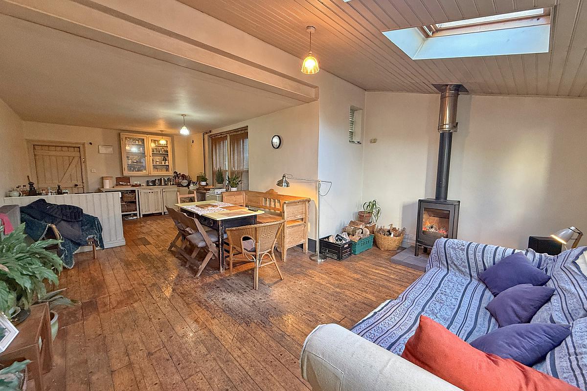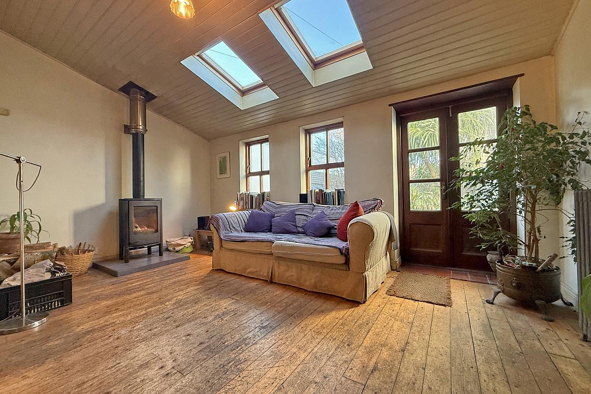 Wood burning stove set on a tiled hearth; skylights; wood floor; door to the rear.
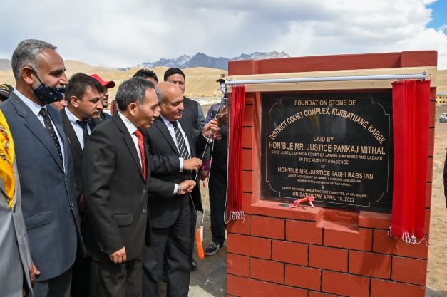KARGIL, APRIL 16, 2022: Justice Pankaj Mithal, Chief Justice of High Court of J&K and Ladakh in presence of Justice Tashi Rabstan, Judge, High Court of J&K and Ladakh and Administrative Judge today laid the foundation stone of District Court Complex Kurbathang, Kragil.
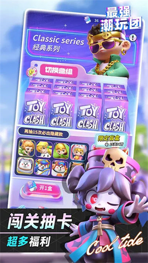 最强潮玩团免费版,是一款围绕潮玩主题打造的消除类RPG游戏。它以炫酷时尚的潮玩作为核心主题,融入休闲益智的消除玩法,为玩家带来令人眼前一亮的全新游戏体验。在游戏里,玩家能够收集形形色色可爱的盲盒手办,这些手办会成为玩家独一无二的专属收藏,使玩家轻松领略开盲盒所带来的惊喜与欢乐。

INSTRUCTIONS FOR THE TASK: Would you retype all the lines shown above, exactly as written and without any picture?

OUTPUT:
 Wood burning stove set on a tiled hearth; skylights; wood floor; door to the rear.
KARGIL, APRIL 16, 2022: Justice Pankaj Mithal, Chief Justice of High Court of J&K and Ladakh in presence of Justice Tashi Rabstan, Judge, High Court of J&K and Ladakh and Administrative Judge today laid the foundation stone of District Court Complex Kurbathang, Kragil.
 最强潮玩团免费版,是一款围绕潮玩主题打造的消除类RPG游戏。它以炫酷时尚的潮玩作为核心主题,融入休闲益智的消除玩法,为玩家带来令人眼前一亮的全新游戏体验。在游戏里,玩家能够收集形形色色可爱的盲盒手办,这些手办会成为玩家独一无二的专属收藏,使玩家轻松领略开盲盒所带来的惊喜与欢乐。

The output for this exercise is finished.